Creating this “unified path,” however, has not come without serious bumps in the road. The establishment of bilateral agreements—balancing the interests of two states—is difficult enough; needing to address the demands of all EU member states and coalesce them into one cohesive appeal prior to even beginning negotiations with “third countries” has proven nearly impossible. This tricky decision-making structure has come to be classified as a “three-level game,” a typology which holds that EU actors’ domestic interests are central to broad EU policymaking: seeking to maintain high domestic approval ratings, actors nearly always attempt to keep their state’s involvement in EU-wide initiatives at a minimum.[25] With such a mindset, mutual efforts become all the more challenging, as each state is very limited in what it will give, but incredibly demanding in what it wishes to gain. Complicating matters is the nature of EU migration policy: given that partnerships are voluntary, the cost of abstention is high for all members involved. For this reason, cooperation has become paramount but standards have simultaneously reached rock-bottom.[26]

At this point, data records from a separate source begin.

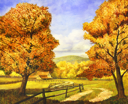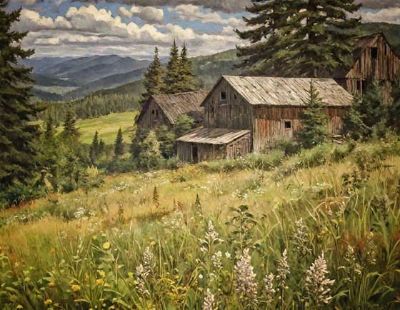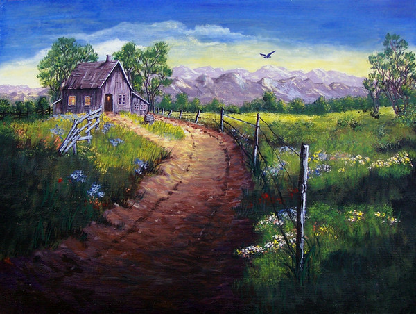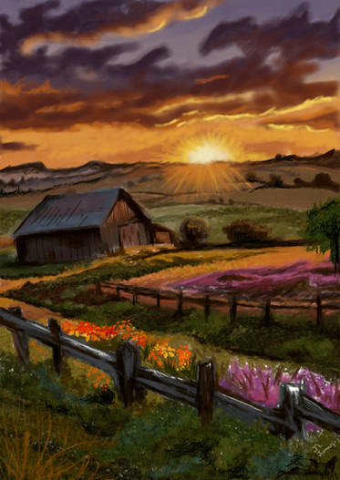 #barn #hills #landscape #oilpainting #rustic #scenic #serene #sunset #tranquil #trees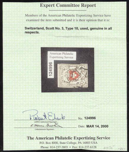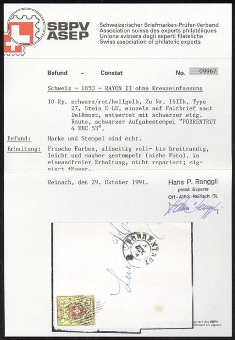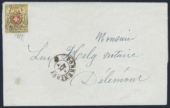 4369 8 image8, Tied by diamond grid cancel on folded entire with Porrentruy 4 Dec 1853 CDS. Addr to Delemont (same day b/s). F-VF. Has 1991 Renggli Certificate (Image) (View Certificate)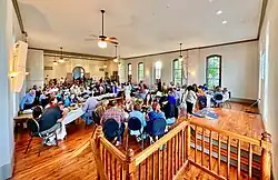 After official county business moved out of the historic courthouse in 2007, its interior was stripped and walls began to deteriorate. When ceilings were opened for ductwork, it was discovered that the courtroom floor and the building's roof beams were both on the verge of collapse and had to be repaired. In 2017 Clay County deeded the courthouse property to the Town of Hayesville. The town leases it to the Clay County Communities Revitalization Association, which was founded in 1998.[14] The CCCRA took on the job of raising $1.2 million to preserve the structure. Renovation began in 2017 to turn the building into a community and event venue.[15]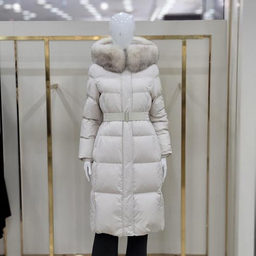인퀼팅 벨티드 폭스퍼 구스 롱다운 ER4TD006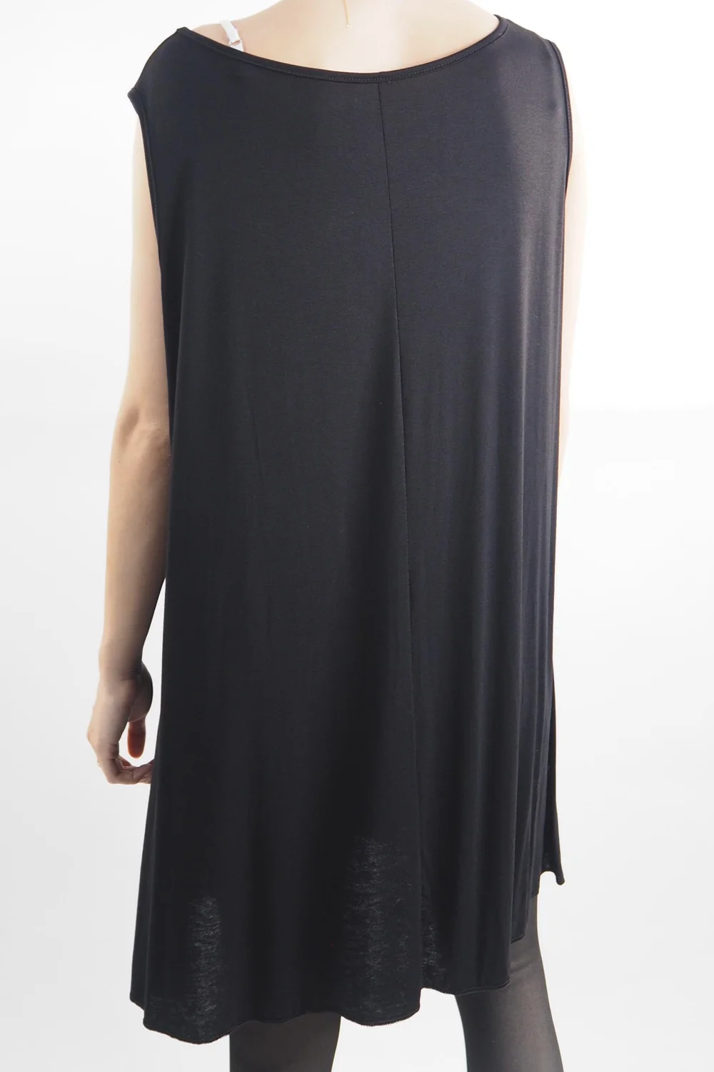 Apart of our Made in Italy Evergreen Collection is our Made in Italy Fine Jersey Swing Vest in a Classic Black tone. This is the perfect base piece for all looks, all year round with its simplistic, scooped neckline and long line fit.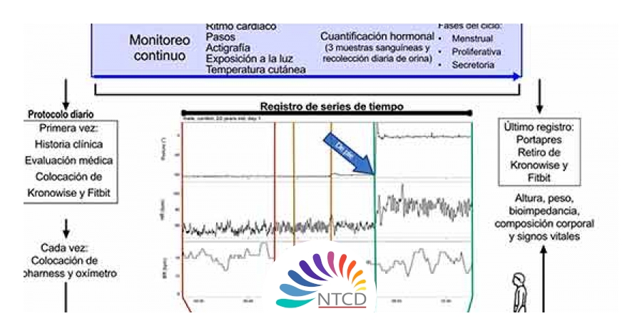 Para monitorearles el ciclo cardíaco y respiratorio se les colocó una banda Bioharness mientras permanecían acostados, respirando rítmicamente (proceso asociado a un buen estado de salud) y también de pie; asimismo, un reloj inteligente con el propósito de medir el ritmo cardíaco, frecuencia de pasos, calidad del sueño y temperatura corporal durante el día.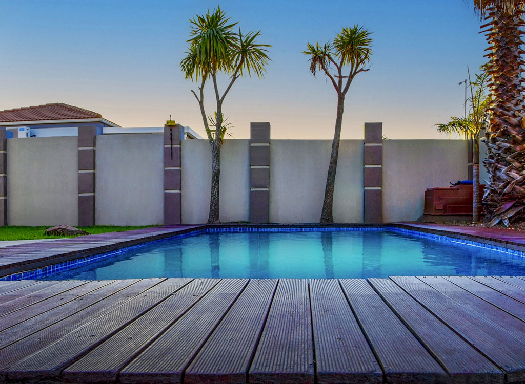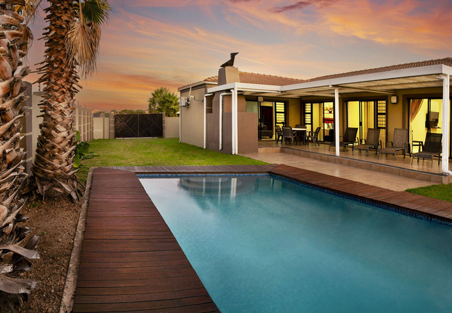 The well-equipped kitchen contains a fridge, a microwave, an oven with a stove, and a breakfast bar with seating. The open-plan living area offers sofas to relax on, and leads out to the backyard, which boasts a built-in braai area and a covered swimming pool. Secure garage parking is available on the property.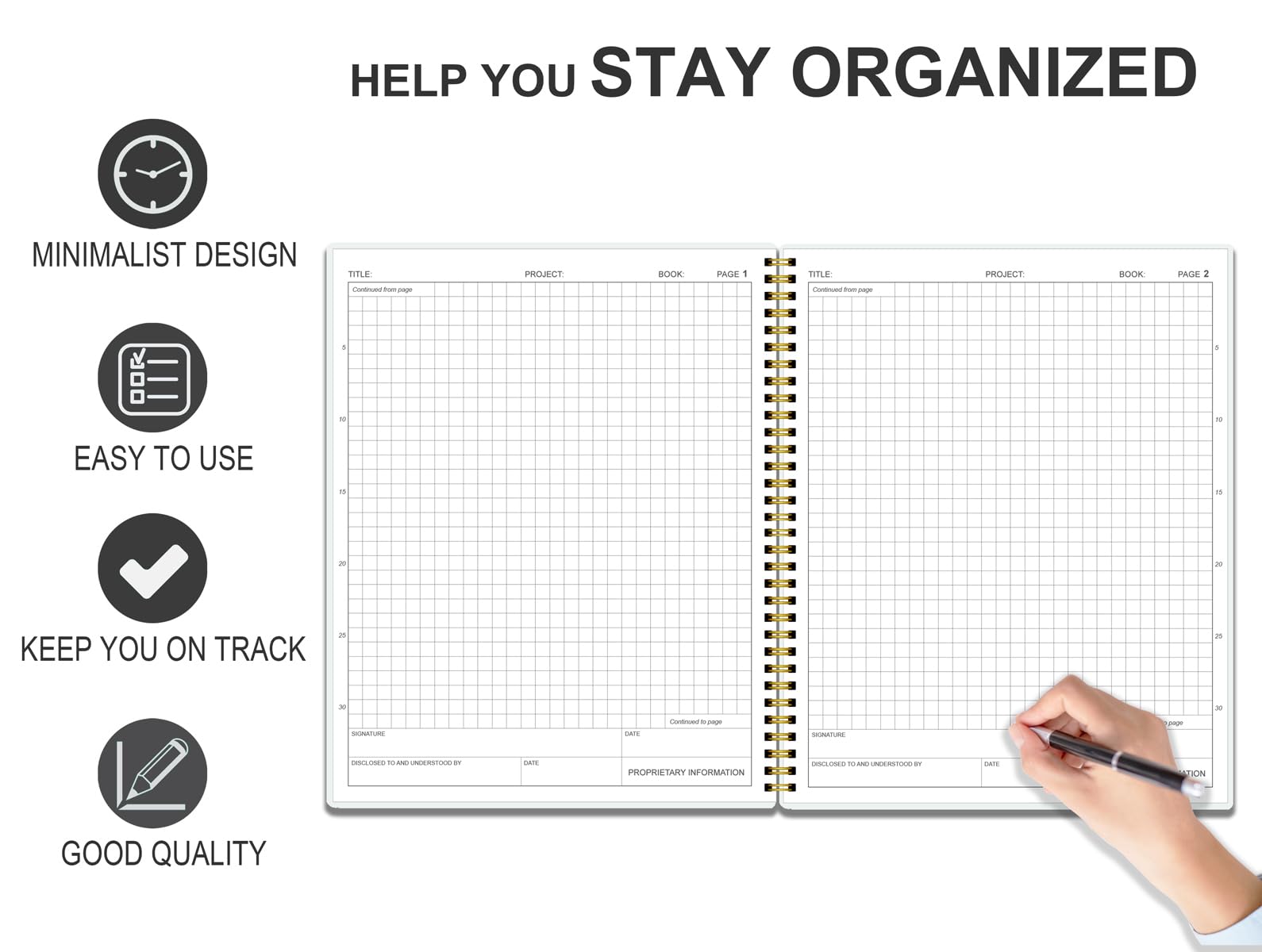 LARGE CAPACITY - Contains 120 pages, providing ample space for all your important notes. Whether you are an engineer, student, researcher, or inventor, our high-quality engineering notebook is the perfect choice for recording and organizing critical information.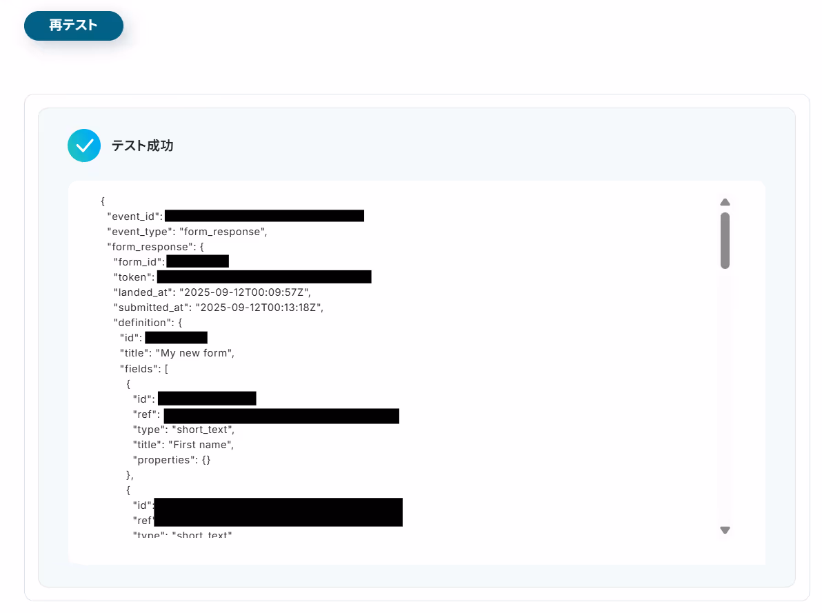 次の画面のテストでフォームの回答結果を取得するため、先ほど作成したフォームに回答を送信してください。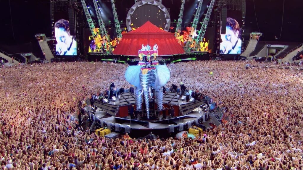 The production itself was spectacular: fire-breathers, stilt-walkers, clowns, acrobats, tap dancers and – the centrepiece that had audiences absolutely gobsmacked – a 30-foot-tall mechanical elephant. It wasn’t just a pop concert, it was a full theatrical event, and it remains one of the most ambitious live productions a British band has ever mounted.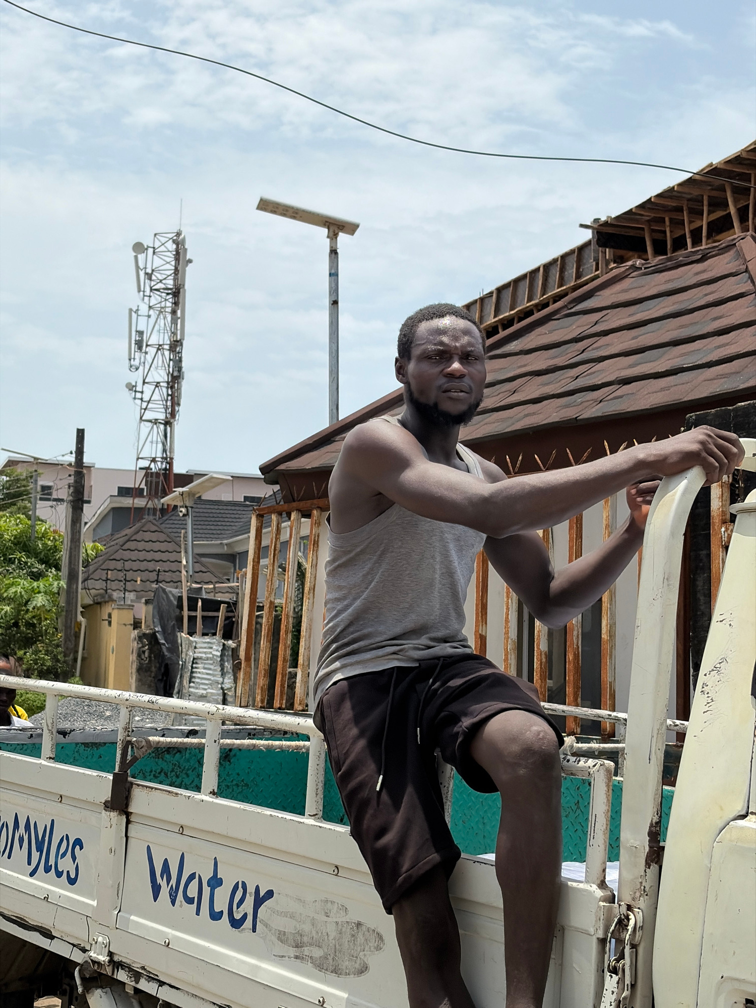 A man in a grey tank top and dark shorts is positioned on the side of a white truck with "Myles Water" written on it. He is gripping a white bar, appearing to climb onto or off the vehicle. The backgr…read more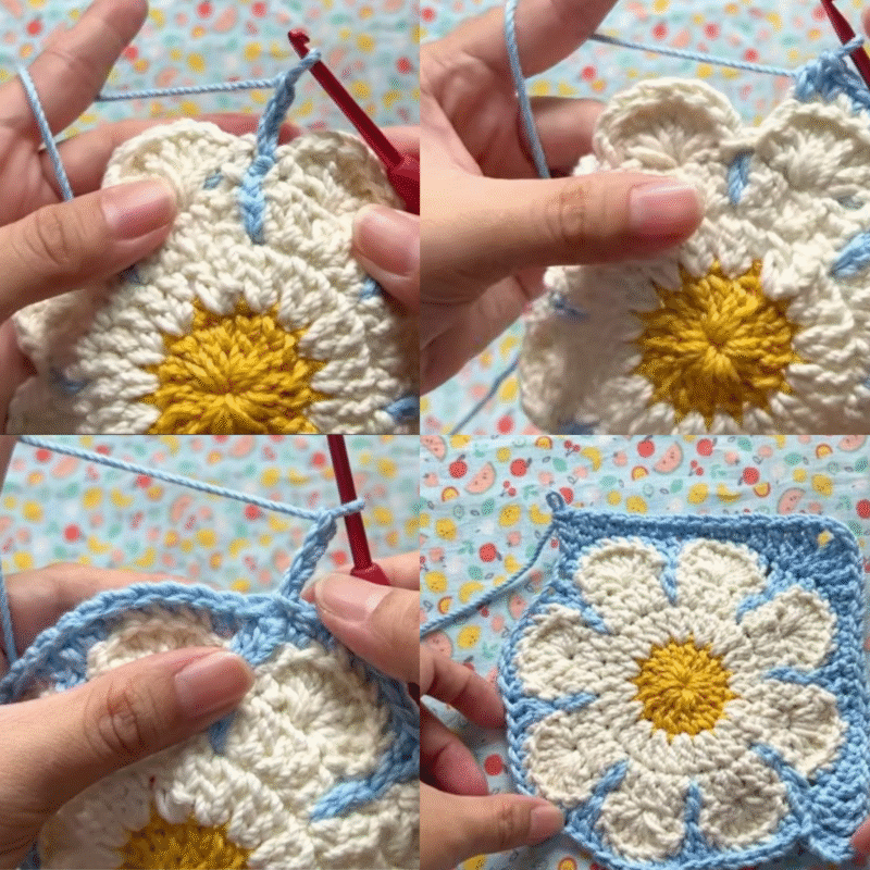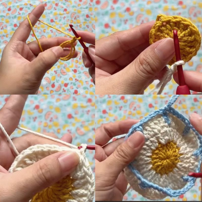 Join white yarn with a sl st to the flower center.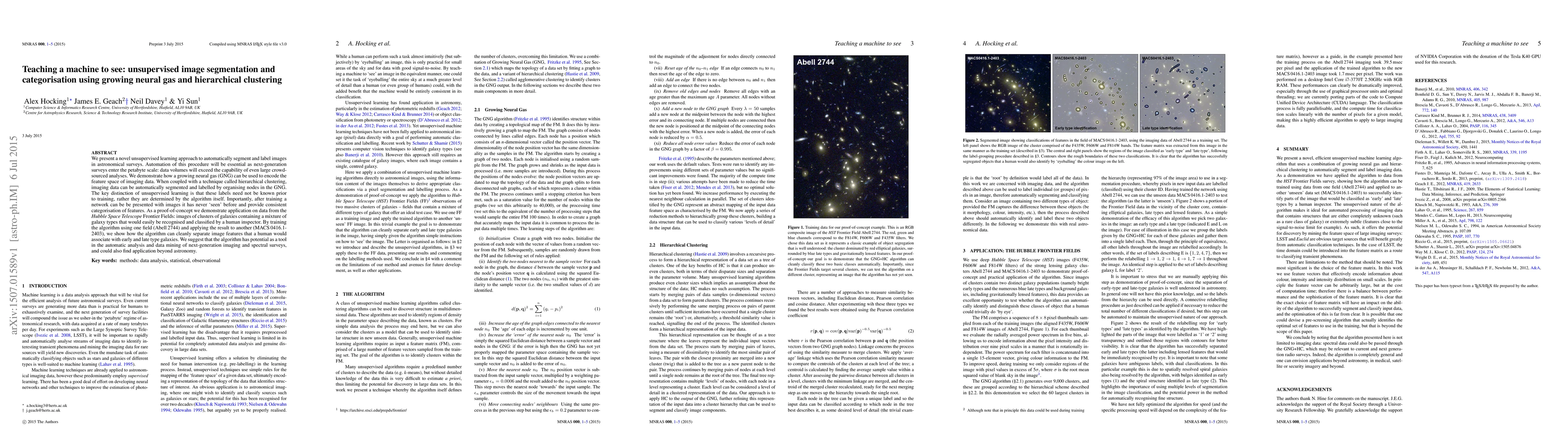 We present a novel unsupervised learning approach to automatically segment and label images in astronomical surveys. Automation of this procedure will be essential as next-generation surveys enter the petabyte scale: data volumes will exceed the capability of even large crowd-sourced analyses. We demonstrate how a growing neural gas (GNG) can be used to encode the feature space of imaging data. When coupled with a technique called hierarchical clustering, imaging data can be automatically segmented and labelled by organising nodes in the GNG. The key distinction of unsupervised learning is that these labels need not be known prior to training, rather they are determined by the algorithm itself. Importantly, after training a network can be be presented with images it has never 'seen' before and provide consistent categorisation of features. As a proof-of-concept we demonstrate application on data from the Hubble Space Telescope Frontier Fields: images of clusters of galaxies containing a mixture of galaxy types that would easily be recognised and classified by a human inspector. By training the algorithm using one field (Abell 2744) and applying the result to another (MACS0416.1-2403), we show how the algorithm can cleanly separate image features that a human would associate with early and late type galaxies. We suggest that the algorithm has potential as a tool in the automatic analysis and data mining of next-generation imaging and spectral surveys, and could also find application beyond astronomy.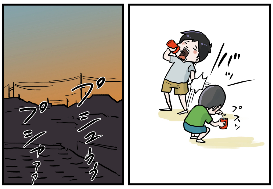 コーラの飲み方 2021年04月13日 この飲み方をやったことがある方は結構多いんじゃないですか?僕は一時期これにハマっていつもコーラを浴びていました。めちゃくちゃ楽しいし美味しいんだけどその代償は飲めなくなったコーラとベトベトにアリがが集りそうなお顔でしょうか…まあこの年頃の男子は後のことなど全く考えてませんから…笑 「いくる(弟)」カテゴリの最新記事 タグ :#漫画#思い出#懐かしい#あの頃#コーラ#マンガ#小学生#ジュース#自動販売機#絵日記 < 前の記事次の記事 > コメント コメント一覧 (8) 1. ゆーや 2021年04月17日 18:35 めっちゃやりました笑 0 仲曽良ハミ がしました 2. たいせい 2021年04月17日 20:03 俺かな? 0 仲曽良ハミ がしました 3. あ 2021年05月02日 16:41 先に穴開けて穴を指で塞いで振ってましたね 0 仲曽良ハミ がしました 4. だのん 2022年03月31日 22:28 プルタブをとめてある丸い部分が意外と柔らかかくて穴開けやすかったなww 0 仲曽良ハミ がしました 5. コケコーラ 2022年05月24日 12:00 懐かしすぎる。よく覚えてますなー 0 仲曽良ハミ がしました 6. でぶメッキー 2024年03月17日 19:43 この遊びは知らなかったですww そんなベトベトで帰って… アホかわいいとは…このこと… 0 仲曽良ハミ がしました 7. NEM0 2024年11月09日 03:24 まだ引っこ抜くタイプのプルタブだったころ、書けなくなったボールペンとかで指輪と缶の接合ピンのところをぶち抜いて同じことやりました〜。 炭酸抜けるまで穴を指で塞いで振っては飲み振っては飲み。 懐かしい。 0 仲曽良ハミ がしました 8. かいちゃん 2025年08月02日 10:47 男子ってアホだなあ…ってのが女子の感想だったでしょうねぇ。でも、可愛いですよね。今やお母さんは大変だったろうなあ、とそっちの気持ちを思い計ってしまう。あの頃に戻りたいな。 0 仲曽良ハミ がしました コメントフォーム 名前 コメント 記事の評価 リセット リセット 顔 星 情報を記憶 コメントを投稿する

EU Migration Policy Before 2011: Residual Colonialism
As if the approach developed at Tampere had not securitized the Mediterranean region enough, the emergence of international terror onto the public radar in the early 21st Century served only to further militarize an already aggressive European border policy. As promised by Tampere’s commitment to transform Morocco into a “buffer zone,” the year 2000 redefined the Spanish-Moroccan border in North Africa.[27] In what has become somewhat of a chicken-and-egg scenario, rapid increases in illicit border crossings into Ceuta and Melilla precipitated the construction of more aggressive fences and securitized apparatuses around the enclaves.[28] But the heightened exclusivity of these areas (and growing richesse of the EU) seemed only to tempt migrants further, prompting demands for a multilateral EU approach to ease Madrid’s burden.[29]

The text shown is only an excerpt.